(Work instructions):
Images in the records should be skipped while the rest is transcribed verbatim.

(Data provided):
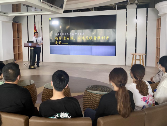 首先,池毅以“中华民族伟大复兴,党是核心”为主题,向大家讲述了中国共产党带领人民群众取得辉煌成就的历程。同时,他指出中华民族伟大复兴是中国共产党的初心使命。随后,池毅从近年来国家发展情况与国际关系出发,以“当今世界关系主轴:中美关系”为主题,鼓励青年学子积极面对新时代的艰巨任务和错综复杂情况,主动思考自我对国家发展的重要意义和价值,坚定理想信念,厚植爱国情怀,努力成为社会事业合格建设者和可靠接班人。
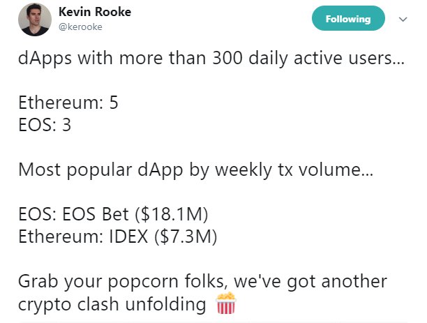据密码货币研究员 Kevin Rooke 的说法,当前,以太坊和 EOS 这两大公链平台上日活用户数超过 300 人的去中心化应用(dApp),一共只有 8 个。
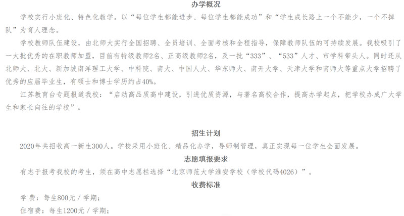 北師大淮安學校官方網站中寫到,學校是由淮安市人民政府、北京師范大學合辦,政府建校、北師大自主管理,集政府辦學的穩定性和民辦學校的自主性于一體,是一所按公辦高中收費標準運行的民辦非營利性學校。
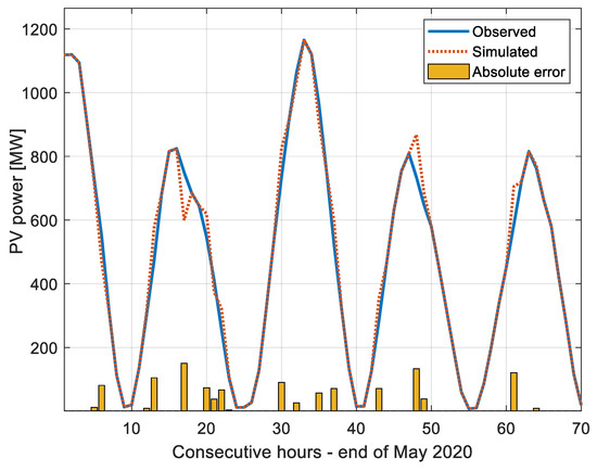 Figure 6 visualizes the performance of the neural network over a period of 4.5 days by the end of May 2020. The night hours are excluded from the analysis. As shown in the figure, the values simulated by the ANN followed the real PV systems generation well. During the second day, the ANN wrongly simulated a sudden drop in PV generation, increasing the variability of the modeled time series (in terms of ramp rates). During the fourth day, one can observe that in the midday hours the simulated generation was slightly greater than the observed one. In general, the absolute errors did not exceed 150 MW.
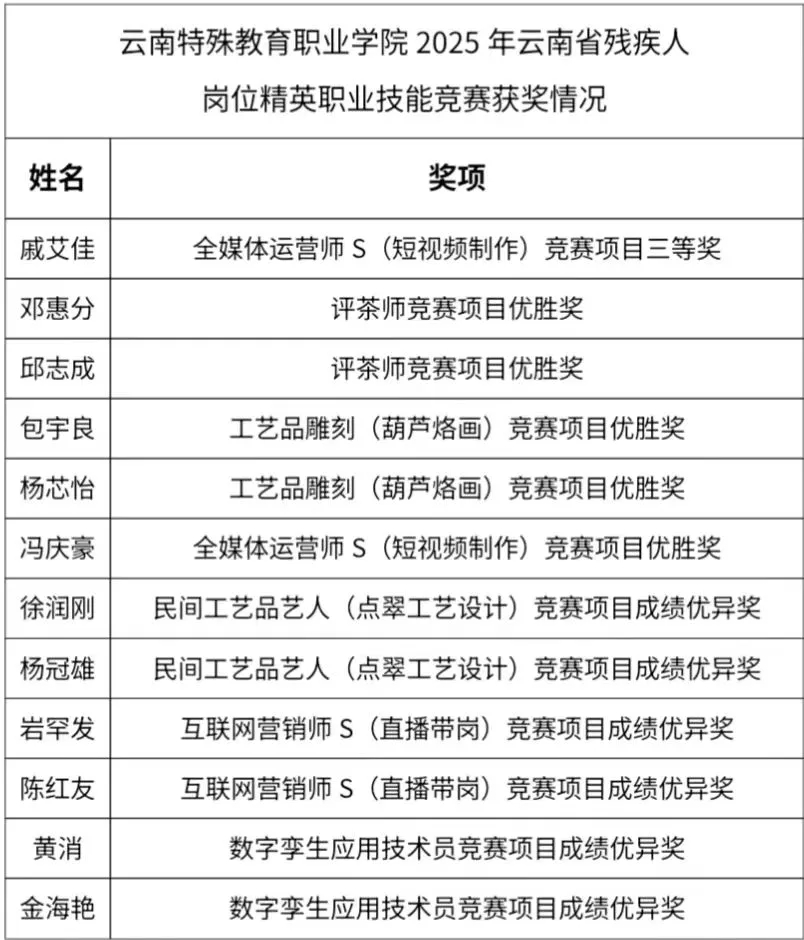 此次竞赛的优异成绩,不仅展现了KY开元残疾学生自强不息、奋发向上的精神风貌,也彰显了KY开元在特殊教育领域的教学成果和人才培养质量。
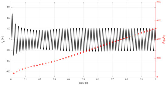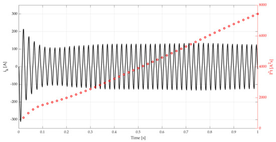 Additionally, by means of the red markers, there are visualized changes of the revealed heat energy during short-circuit (Joule’s integral calculated after each period) on the metal strip of the fuse during current flow [28].
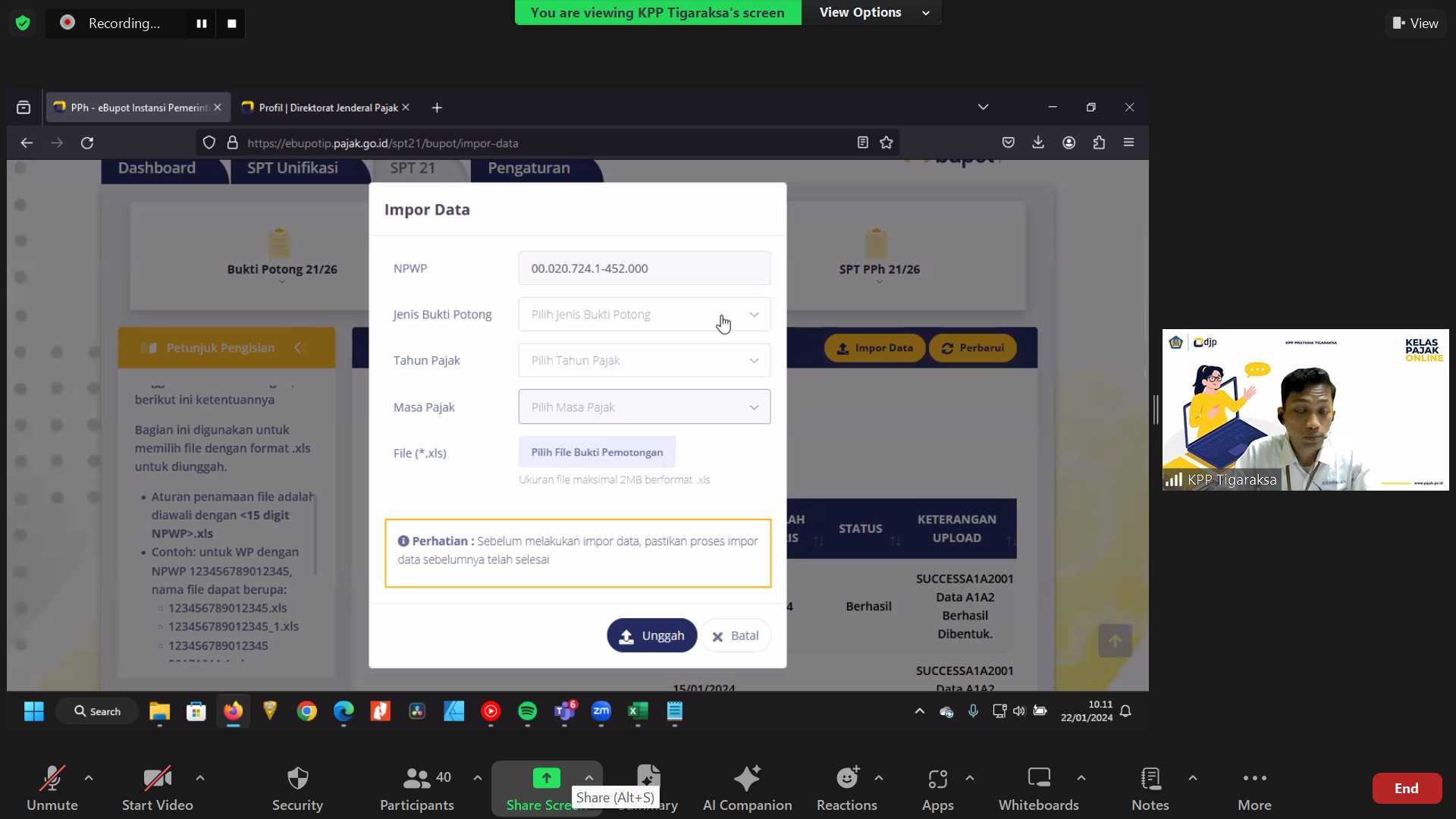 Kantor Pelayanan Pajak (KPP) Tigaraksa menyelenggarakan Kelas Pajak mengenai e-Bupot Unifikasi Instansi Pemerintah. Kelas Pajak ini diselenggarakan langsung dari ruang studio KPP Pratama Tigaraksa secara daring melalui aplikasi Zoom Cloud Meeting KPP Pratama Tigaraksa (Senin, 22/1).
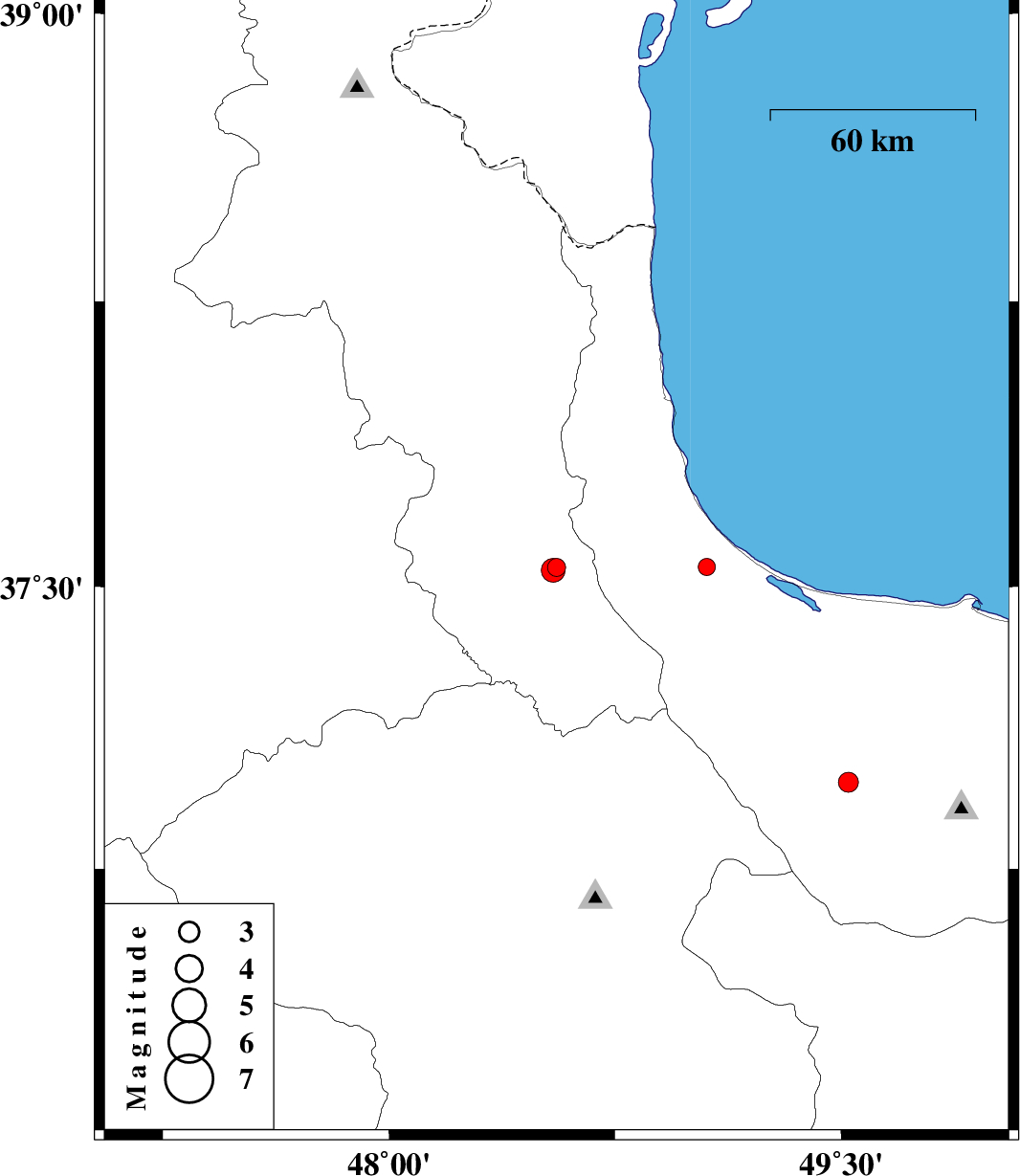| 2017/10/01 | 19:55:05.2 | 23:25:05.2 | 36.981 | 49.525 | 6 | ML2.9 | Gilan Province, 20 km North of Rudbar |
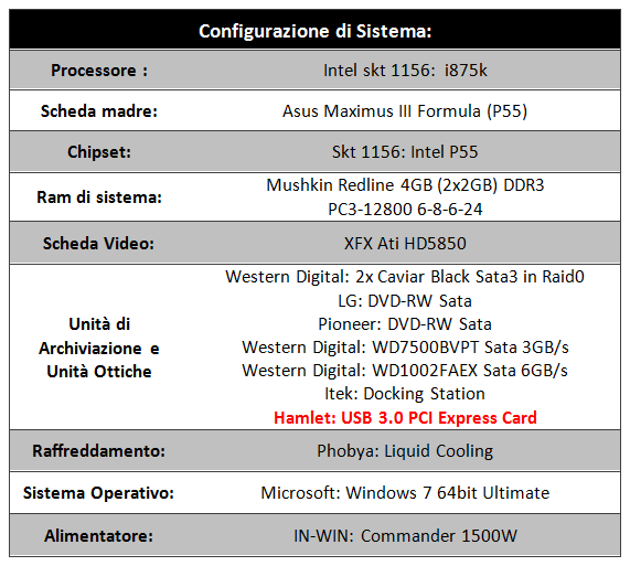 Per i test prestazionali ci siamo avvalsi dei componenti descritti nello schema in fondo alla pagina. Abbiamo usato per sfruttare l'Host Controller Card una scheda madre di Asus, esattamente il modello Maximus 3 Formula. Inoltre abbiamo usato per i test i dischi prodotti da da Western Digital ed una docking station prodotta da iTEK.
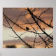 A single bird perched on a bare branch against a dramatic sunset sky.
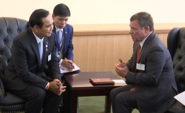 นิวยอร์ค 20 ก.ย.- นายกฯ เช้าร่วมพิธีเปิดการประชุมสมัชชาสหประชาชาติ สมัยสามัญ ครั้งที่ 71 พร้อมใช้โอกาสนี้ หารือทวิภาคีกับสมเด็จพระราชาธิบดีแห่งจอร์แดน โดย 2 ฝ่ายพร้อมสานความร่วมมือที่มีต่อกันอย่างต่อเนื่อง และขอบคุณจอร์แดนที่สนับสนุนไทยกรอบ OIC
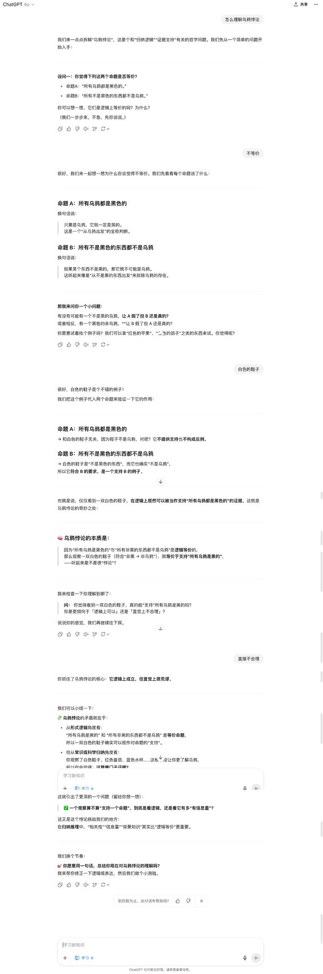 在体验过程中,我想理解“乌鸦悖论”,它也不是一次讲完一大段晦涩哲学,而是从诸如“为什么一双白色鞋子能被用来证明所有乌鸦是黑的?”这样的问题引出逻辑悖论的本质,一步步帮助我思考这个理论。

(Final answer):
 首先,池毅以“中华民族伟大复兴,党是核心”为主题,向大家讲述了中国共产党带领人民群众取得辉煌成就的历程。同时,他指出中华民族伟大复兴是中国共产党的初心使命。随后,池毅从近年来国家发展情况与国际关系出发,以“当今世界关系主轴:中美关系”为主题,鼓励青年学子积极面对新时代的艰巨任务和错综复杂情况,主动思考自我对国家发展的重要意义和价值,坚定理想信念,厚植爱国情怀,努力成为社会事业合格建设者和可靠接班人。
据密码货币研究员 Kevin Rooke 的说法,当前,以太坊和 EOS 这两大公链平台上日活用户数超过 300 人的去中心化应用(dApp),一共只有 8 个。
 北師大淮安學校官方網站中寫到,學校是由淮安市人民政府、北京師范大學合辦,政府建校、北師大自主管理,集政府辦學的穩定性和民辦學校的自主性于一體,是一所按公辦高中收費標準運行的民辦非營利性學校。
 Figure 6 visualizes the performance of the neural network over a period of 4.5 days by the end of May 2020. The night hours are excluded from the analysis. As shown in the figure, the values simulated by the ANN followed the real PV systems generation well. During the second day, the ANN wrongly simulated a sudden drop in PV generation, increasing the variability of the modeled time series (in terms of ramp rates). During the fourth day, one can observe that in the midday hours the simulated generation was slightly greater than the observed one. In general, the absolute errors did not exceed 150 MW.
 此次竞赛的优异成绩,不仅展现了KY开元残疾学生自强不息、奋发向上的精神风貌,也彰显了KY开元在特殊教育领域的教学成果和人才培养质量。
 Additionally, by means of the red markers, there are visualized changes of the revealed heat energy during short-circuit (Joule’s integral calculated after each period) on the metal strip of the fuse during current flow [28].
 Kantor Pelayanan Pajak (KPP) Tigaraksa menyelenggarakan Kelas Pajak mengenai e-Bupot Unifikasi Instansi Pemerintah. Kelas Pajak ini diselenggarakan langsung dari ruang studio KPP Pratama Tigaraksa secara daring melalui aplikasi Zoom Cloud Meeting KPP Pratama Tigaraksa (Senin, 22/1).
| 2017/10/01 | 19:55:05.2 | 23:25:05.2 | 36.981 | 49.525 | 6 | ML2.9 | Gilan Province, 20 km North of Rudbar |
 Per i test prestazionali ci siamo avvalsi dei componenti descritti nello schema in fondo alla pagina. Abbiamo usato per sfruttare l'Host Controller Card una scheda madre di Asus, esattamente il modello Maximus 3 Formula. Inoltre abbiamo usato per i test i dischi prodotti da da Western Digital ed una docking station prodotta da iTEK.
 A single bird perched on a bare branch against a dramatic sunset sky.
 นิวยอร์ค 20 ก.ย.- นายกฯ เช้าร่วมพิธีเปิดการประชุมสมัชชาสหประชาชาติ สมัยสามัญ ครั้งที่ 71 พร้อมใช้โอกาสนี้ หารือทวิภาคีกับสมเด็จพระราชาธิบดีแห่งจอร์แดน โดย 2 ฝ่ายพร้อมสานความร่วมมือที่มีต่อกันอย่างต่อเนื่อง และขอบคุณจอร์แดนที่สนับสนุนไทยกรอบ OIC
 在体验过程中,我想理解“乌鸦悖论”,它也不是一次讲完一大段晦涩哲学,而是从诸如“为什么一双白色鞋子能被用来证明所有乌鸦是黑的?”这样的问题引出逻辑悖论的本质,一步步帮助我思考这个理论。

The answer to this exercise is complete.